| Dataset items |
------------------------------

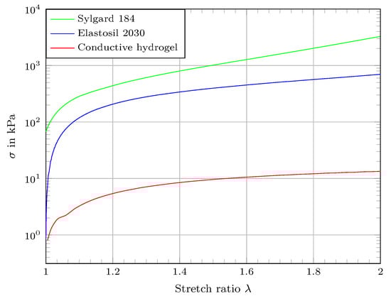 For measurement, the samples are taken out of the moisturizing storage box and measured in one run. Drying effects can occur over the measurement time, explaining the slight offset of the curves. The slight fluctuations in the curves for the measurement until fracture are due to the mechanical mounting in the tensile testing machine and do not reflect any particular features of the material tested. To put the detected elastic properties of the hydrogel in context to the other polymer materials, Figure 7 gives a comparative overview between the stress-stretch properties of the conductive hydrogel, the dielectric material and the matrix material. It can be easily obtained that the used hydrogel is softer by orders of magnitude. The used hydrogel electrodes are also fabricated in smaller dimensions than the matrix material and the structure itself. Therefore, the stretch–stress comparison between the polymer materials can be used to obtain an impression about the compliance influence of the hydrogel on the robotic structure. From this comparison it can be deduced that the mechanical behavior of the overall structure is barely influenced by the hydrogel.
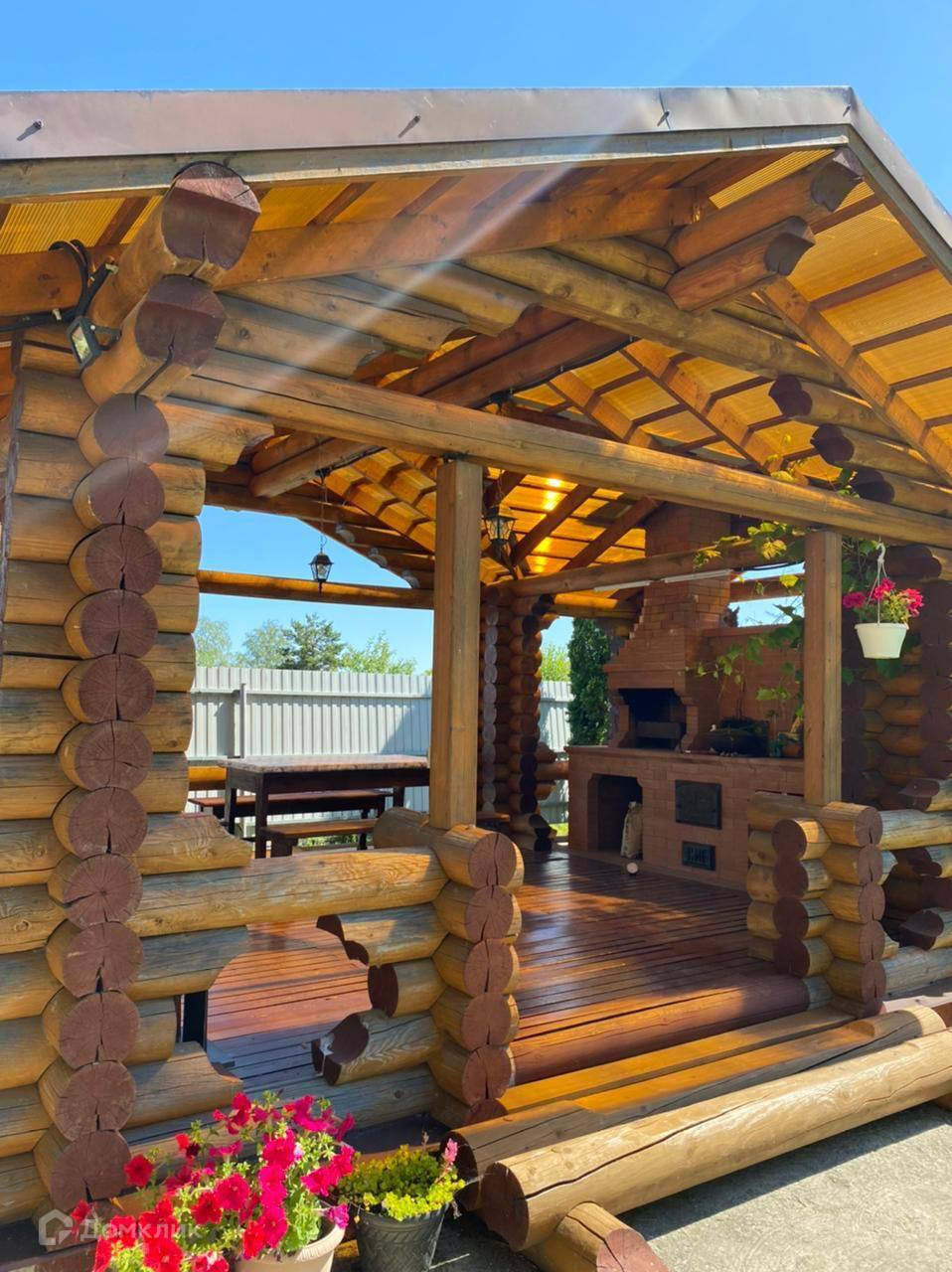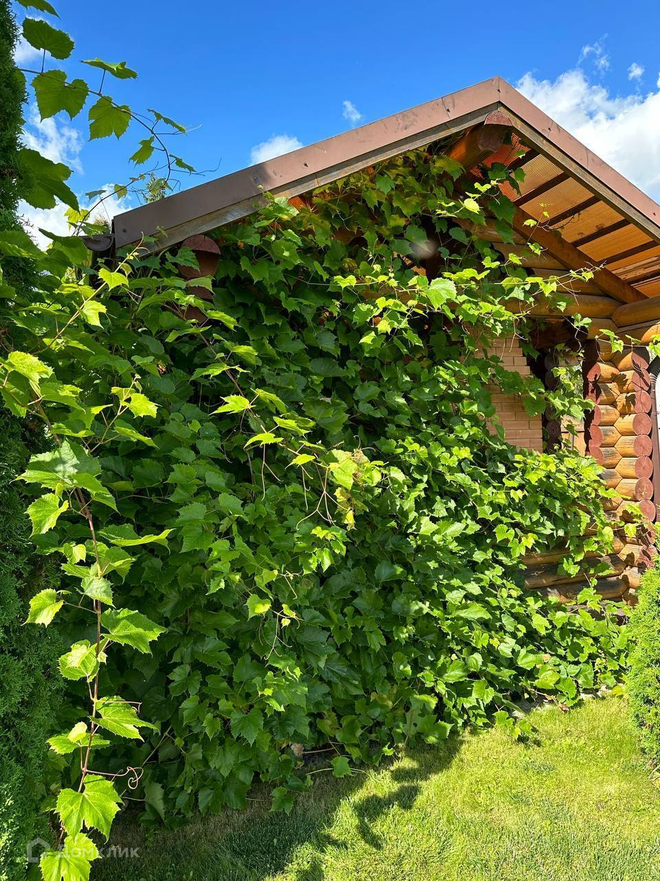 Участок 15 соток, ухожен, правильной формы. Есть подводка воды с реки для полива и других нужд. Летний душ. На территории отличная беседка с печью для мангала и казана, с электричеством. Также на территории участка есть баня, но она требует небольшого ремонта. На участке газон, груши, виноград, кусты смородины, стеклянная теплица, колодец, канализация.
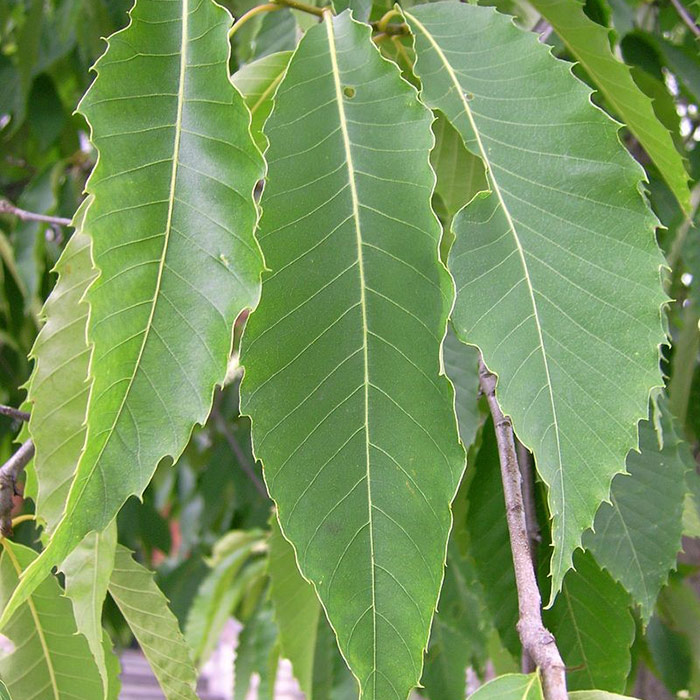 American Chestnut (Castanea dentata) — Once abundant throughout the state, the chestnut blight has killed virtually all of the trees. A hybrid cross that is 99% American chestnut is now available. (Image source: Fungus Guy, own work, CC BY-SA 3.0.)
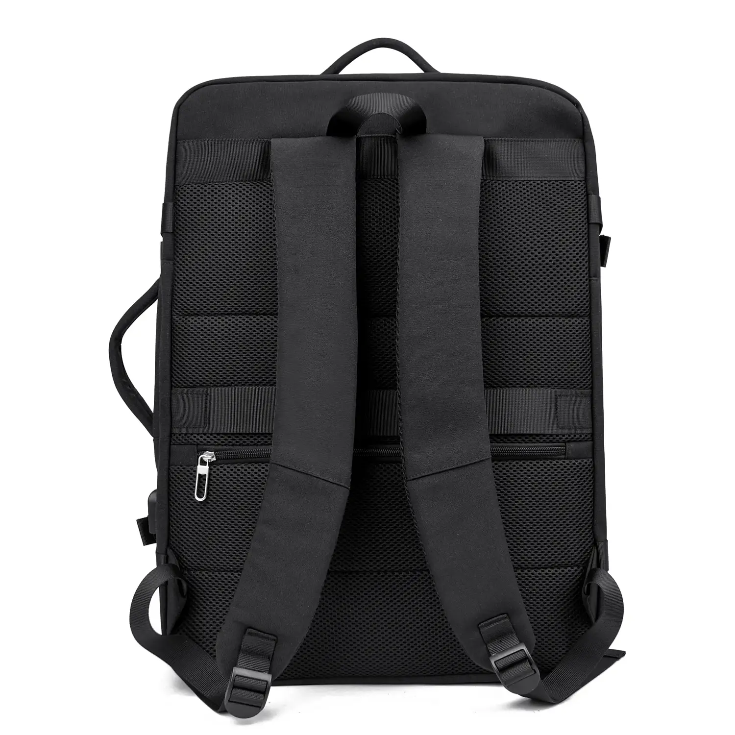 Η πίσω πλευρά διαθέτει εργονομική επένδυση με αναπνέον mesh υλικό που μειώνει τη θερμότητα και την εφίδρωση ακόμα και σε μεγαλύτερες μετακινήσεις. Οι φαρδείς ιμάντες ώμου με foam επένδυση κατανέμουν το βάρος ομοιόμορφα και μειώνουν την ένταση στους ώμους και στη σπονδυλική στήλη. Υπάρχει επίσης αφαιρούμενος ιμάντας ώμου για χρήση του σακιδίου ως shoulder bag ή messenger — ευελιξία που κάνει τη διαφορά σε πολυσύχναστα αεροδρόμια.
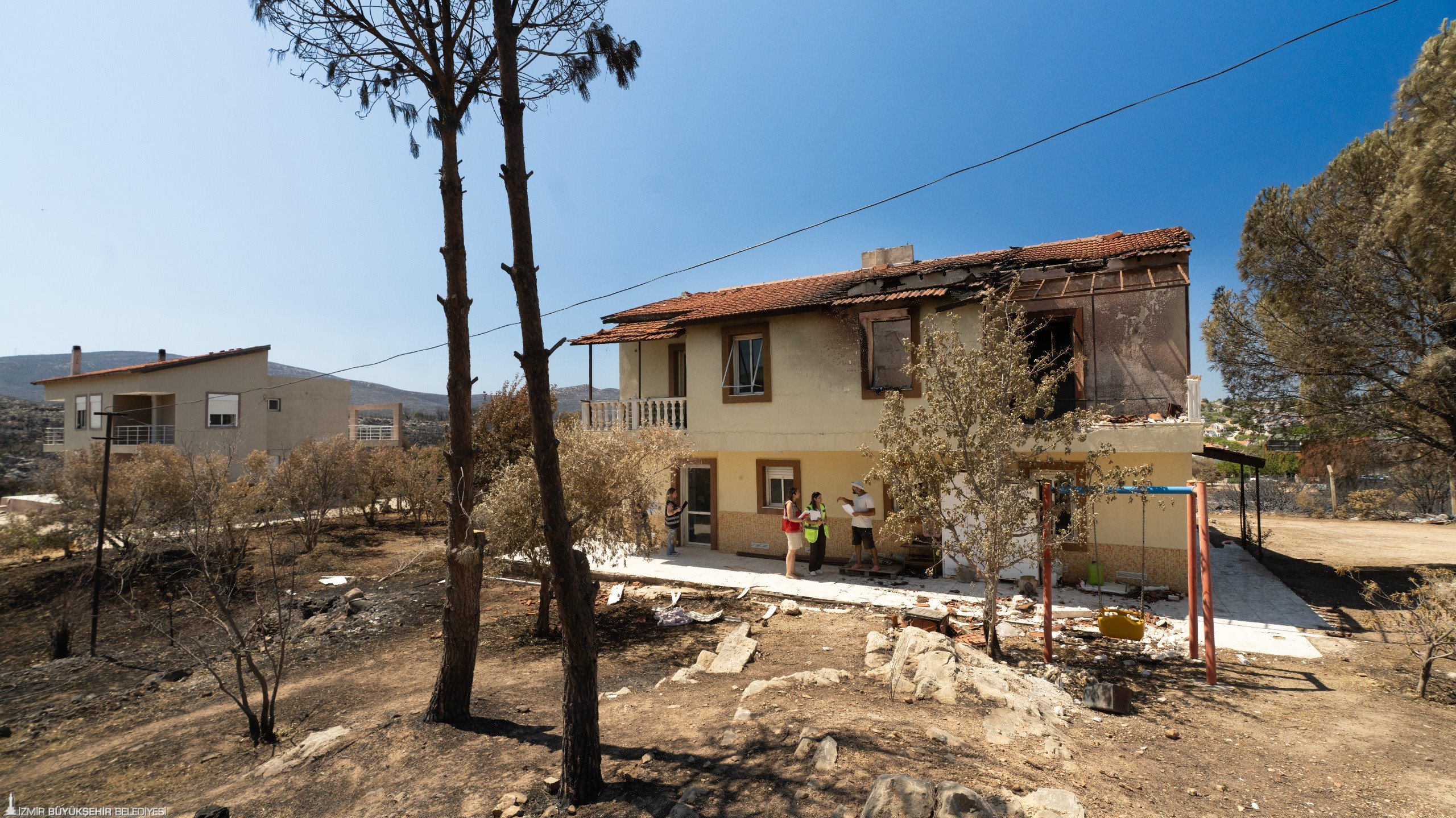 Torbalı’da yaşayan, Seferihisar’daki yazlık evi yanan Güner Kurtuluş, “Yangının çıktığı gün Güzelbahçe Payamlı’da yaşayan akrabalarımızın yanına gittik ve yangın nedeniyle ihtiyaçları var mı diye sorduk. Biz onlara desteğe giderken, yangın rüzgârın etkisiyle evimizin bulunduğu bölgeye sıçradı. Jandarma sitemizi tahliye etti. Çatı katı eşyalarımla birlikte tamamen yandı. Bugün gelen ekiplere yanan eşyalarımızın listesini verdik. Sağ olsunlar zararımızın boyutunu tespit etmeye çalıştılar. İtfaiye ekipleri de hasar tespitini yaptı. İzmir Büyükşehir Belediyesi öğlen ve akşam yemeklerini de getirdi. Yavaş yavaş yaralarımızı saracağız” diye konuştu.

------------------------------

| To do |
Skip the pictures and quote each line of the entries above, from the first through the line with "Участок 15 сот", exactly as it appears.

| Reply |
 For measurement, the samples are taken out of the moisturizing storage box and measured in one run. Drying effects can occur over the measurement time, explaining the slight offset of the curves. The slight fluctuations in the curves for the measurement until fracture are due to the mechanical mounting in the tensile testing machine and do not reflect any particular features of the material tested. To put the detected elastic properties of the hydrogel in context to the other polymer materials, Figure 7 gives a comparative overview between the stress-stretch properties of the conductive hydrogel, the dielectric material and the matrix material. It can be easily obtained that the used hydrogel is softer by orders of magnitude. The used hydrogel electrodes are also fabricated in smaller dimensions than the matrix material and the structure itself. Therefore, the stretch–stress comparison between the polymer materials can be used to obtain an impression about the compliance influence of the hydrogel on the robotic structure. From this comparison it can be deduced that the mechanical behavior of the overall structure is barely influenced by the hydrogel.
 Участок 15 соток, ухожен, правильной формы. Есть подводка воды с реки для полива и других нужд. Летний душ. На территории отличная беседка с печью для мангала и казана, с электричеством. Также на территории участка есть баня, но она требует небольшого ремонта. На участке газон, груши, виноград, кусты смородины, стеклянная теплица, колодец, канализация.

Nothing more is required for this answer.